Проходит полчаса, пока я успокаиваюсь в кабинете директора и ни к кому не прикасаюсь. Люди в строгих костюмах, черных очках и плотных перчатках проводят к белому минивэну. Они – первые, кто боится меня по-настоящему. Я могу чувствовать, как дрожат их пальцы в перчатках, сжимая мою ладошку. Наверное, сердца дрожат так же.
Как оказалось, это был последний день, когда я выходил на улицу.
Теперь я жил в специальном доме, где люди работали в плотной одежде и прикасались только к закрытым участкам моей кожи. Сколько процедур я тогда прошел – не сосчитать. Начиная от обычного замера веса-роста, давления, анализов крови и мочи, до изъятия кусочков кожи и внутренних органов. Например, сейчас у меня только одна почка, нет части печени, зато есть куча шрамов по всему телу. Но в целом к Адаму Брику относились хорошо, гуманно. Кормили вкусно, учили, как учат детей в школе, дарили подарки на Рождество. Они понимали, что я не виновен в том, что внезапно получил это проклятие. Наверное, просто родился таким, а когда подрос, со временем проявились мои странные свойства.
Вот так в один день Адам Брик убил обеих моих родителей.
А потом случилось еще кое-что странное. Очень странное.
Проведя пару лет взаперти от всего мира, общаясь лишь с несколькими взрослыми в защитных костюмах, я понял, что лекарство от моей «болезни» так и не найдено. Неважно, сколько тестов проведут и сколько тканей изымут из моего тела. Жаль, конечно, своей почки… Они даже анализировали мой пот, заставляя трудиться до упаду на электронной беговой дорожке. На мне проверяли множество аллергенов, множество лекарств, возможно, даже ядов…
Отравить Адама Брика – слишком простое решение. Тут за дело взялось простое человеческое любопытство. Пока я не приносил вреда, меня тестировали и расспрашивали, изучали со всех сторон и изо всех сил пытались найти ответ на вопрос – как я это делаю? Почему я это умею? Одним словом, хотели найти ответы, которые даже я сам не знал.
Как я уже упоминал, меня обучали чтению, письму, математике и прочим школьным предметам, которые изучают школьники по всей стране. У меня была пара учителей, что работали в защитных костюмах. В таких костюмах обрабатывают места, где находятся больные смертельным вирусом. Костюм покрывал не только руки и шею – на голову надевался специальный шлем с куском прозрачной клеенки перед лицом, через которую человек видел. Из-за этого, правда, голос искажался, превращаясь в неоднородный гул, однако я научился разбирать слова, что мне говорили.

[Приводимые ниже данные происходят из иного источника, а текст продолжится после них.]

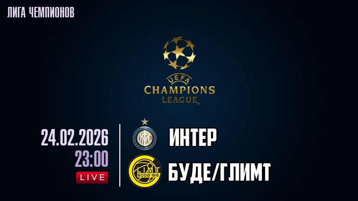 24 февраля 2026 года, мы предлагаем посмотреть онлайн трансляцию футбольного матча между футбольным клубом Интер и футбольным клубом БудеГлимт, проходящего в рамках Лиги Чемпионов.
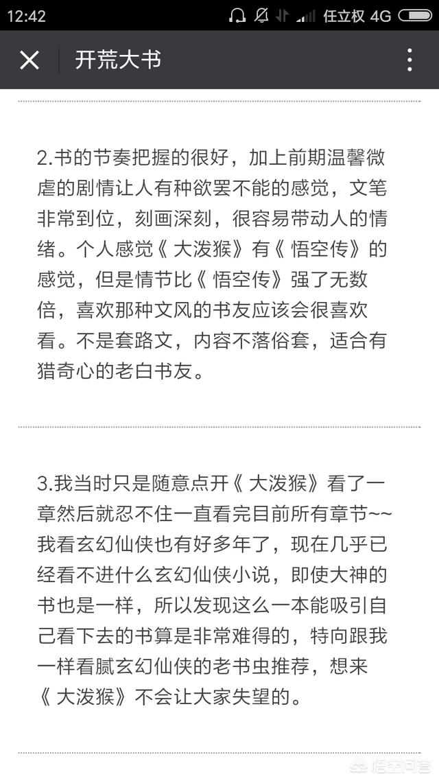 《大泼猴》这本小说 我看完之后才 啥叫高文笔,非常鲜明与丰富的人物塑造,跌宕起伏的情节让人 难以自拔 ,背景宏大到 整个 中国神话世界,伏笔 埋的一个接一个,极大的提高了读者的阅读兴趣,不同 人物的角度让你领略这个 无情的世界!

До сих пор не понимаю, почему они носили эти штуки. Ведь чтобы умереть, меня нужно было коснуться. Я же никогда не пытался коснуться лица собеседника или просто притронуться, наученный горьким опытом. Учителя же закрывали лица герметичными шлемами, боясь даже дышать одним со мной воздухом.
Вот он, настоящий страх.
В тот день мой учитель чтения и письма умер. Умер прямо передо мной, и сразу же сработала сирена. Комната наполнилась усыпляющим газом, и я вырубился, так до конца и не поняв, что случилось. Я ведь точно не касался учителя, даже не думал об этом!
Позже, тем же днем, со мной говорили через динамик и камеру наблюдения. Тощие руки шестилетнего Адама Брика дрожали, мысли бегали и переплетались, во рту пересыхало. Черный зрачок камеры снисходительно смотрел сверху из угла комнаты, из-под потолка. Со стен лился голос из динамиков, задающий вопросы. Странные и глупые вопросы. Как дела? Как настроение? Нравится ли тебе мистер Филипс? Нравился…
Хотя они каждое занятие записывают камерой видеонаблюдения последней модели. Они видят и слышат всё, что происходит во время уроков. И вообще всё время. Они смотрят, они постоянно смотрят, наблюдают днем и ночью за каждым шагом, за каждым движением. Они не могут не знать.
Я не прикасался к мистеру Филипсу. Мы хорошо с ним ладили. Мне нравились его уроки. И дела у меня отлично, если не считать, что люди снова умирают без причины, лишь находясь рядом.
На некоторое время меня оставили в покое. Два дня никто не приходил, только еда появлялась, пока я спал. На третий день в дверь постучали. Прошло не больше минуты, и дверь открылась. В проеме появился странный взрослый парень в оранжевом костюме. Почему странный? Потому что очень яркий и высокий, с множеством мелких татуировок на лице, стоящими дыба черными дредами и самодовольной ухмылкой. А еще – его руки держались вместе впереди – как оказалось, их вместе держали наручники.